Respecification of the model

Analysis of assumptions for regression model did not show need for further respecification of the model.

Model functional form

Model is found to fit data well. Results of Ramsey test RESET(3,94) = 0.24125 show that functional form of model is well specified with p = .7861. H0 for Ramsey test is that there are no omitted variables.

## 
##  RESET test
## 
## data:  reg_model
## RESET = 0.24125, df1 = 2, df2 = 95, p-value = 0.7861

Interpreation of coefficients

Number of hours spent exercising and if student have attended lectures or not are both statistically significant with number of hours spent exercising = 1.29, SE = .08, p < .001, 95% CI[1.12,1.44] and if student has attended lectures or not = 11, SE = .74, p < .001, 95% CI[9.51, 12.47].

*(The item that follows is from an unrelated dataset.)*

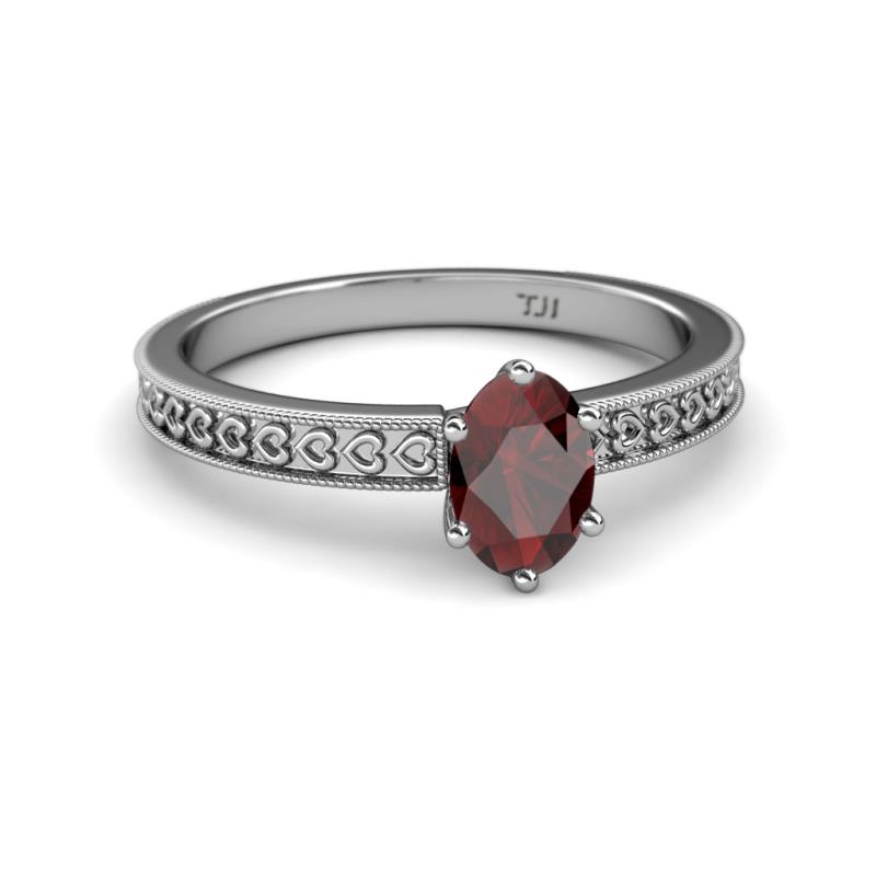 Oval Cut (7x5 mm) Red Garnet Heart Engraved Womens Solitaire Engagement Ring 1.05 ct 14K White Gold More Details ...
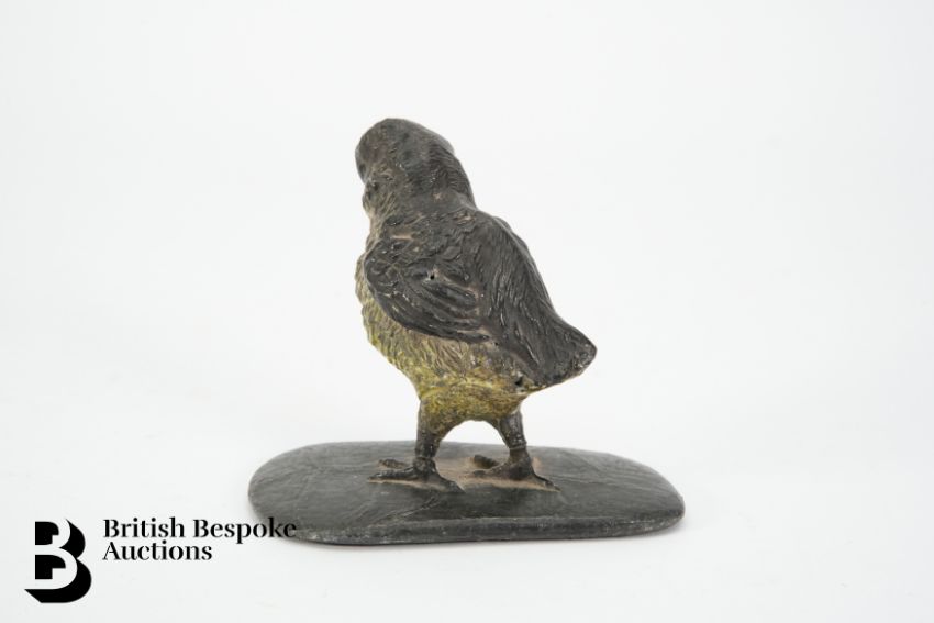 A late 19th century cold painted lead chick, its breast in tones of grey and yellow, 8cm high.

From the model we can conclude that number of attended lectures has significantly larger impact on overall score of students on exam compared to number of hours spent studying.

Below is calculation of score achieved by student who has spent 20 hours exercising and had attended lectures according to model results. It can be seen that if person spends 20 hours exercising it will score approximately 32 points at the exam.

Score = -4.58 + 20x1.29 + 1x11 + error Score = -4.58 + 25.8 + 11 + error Score = 32.22 + error

Graph below shows our model with dummy variables. Two linear lines fitted to the plot relation between scores on the exam and number of hours spent exercising for both, those who have attended lecture and those who did not.